You signed in with another tab or window. Reload to refresh your session.You signed out in another tab or window. Reload to refresh your session.You switched accounts on another tab or window. Reload to refresh your session.Dismiss alert
Running on GPU and I seem to use the restart from checkpoint but I end up loosing particles upon restart.
It looks like the simulation time also falls::
Just running normally start from step 0 without restart (killed since time limit has been reached)
STEP 30122 starts ...
STEP 30122 ends. TIME = 2.559001466e-12 DT = 8.495456697e-17
Evolve time = 77712.85459 s; This step = 2.491132788 s; Avg. per step = 2.579936743 s
Simulation time after restart at step 30000
STEP 30122 starts ...
STEP 30122 ends. TIME = 2.559001466e-12 DT = 8.495456697e-17
Evolve time = 1115.337932 s; This step = 2.220336455 s; Avg. per step = 9.142114198 s
It seems that the simulation time per step also falls from 2.5 s to 2.2 s!

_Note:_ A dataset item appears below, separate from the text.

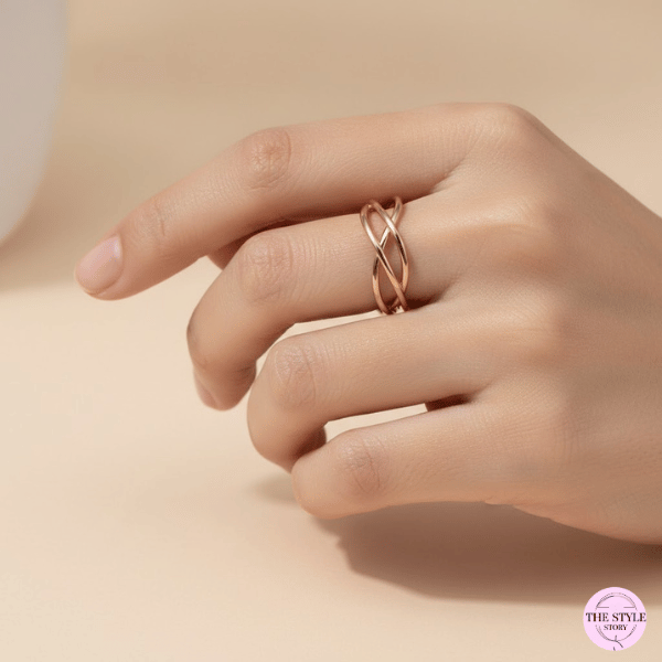 Finished in a polished rose-gold tone, the layered structure feels lightweight yet visually striking. The open adjustable design ensures a comfortable fit, making it easy to wear all day without compromise.

I am also dumping out the fields with openPMD and the file size drops form 410 GB to 280 GB! (with just 100 steps after the restart)
Without the restart a smaller version of the simulation seems to work well.
Also upon restart I required to invert " amrex.abort_on_out_of_gpu_memory " from default else I was not able to run the simulation since it errors out as GPU out of memory!! I had to change this flag from the default to get warpx to run after restart from checkpoint.
I also seem to have exclusive access to the GPUS/node where others are not currently running.
I have tried the restart example in the code and have not yet been able to recreate the issue.
At the end it seems like the simulation works well but write particles after restart does not seem to be doing well since the fields exist!
At the start of the simulation I also get the warning below:
Multiple GPUs are visible to each MPI rank, but the number of GPUs per socket or node has not been provided.
This may lead to incorrect or suboptimal rank-to-GPU mapping.!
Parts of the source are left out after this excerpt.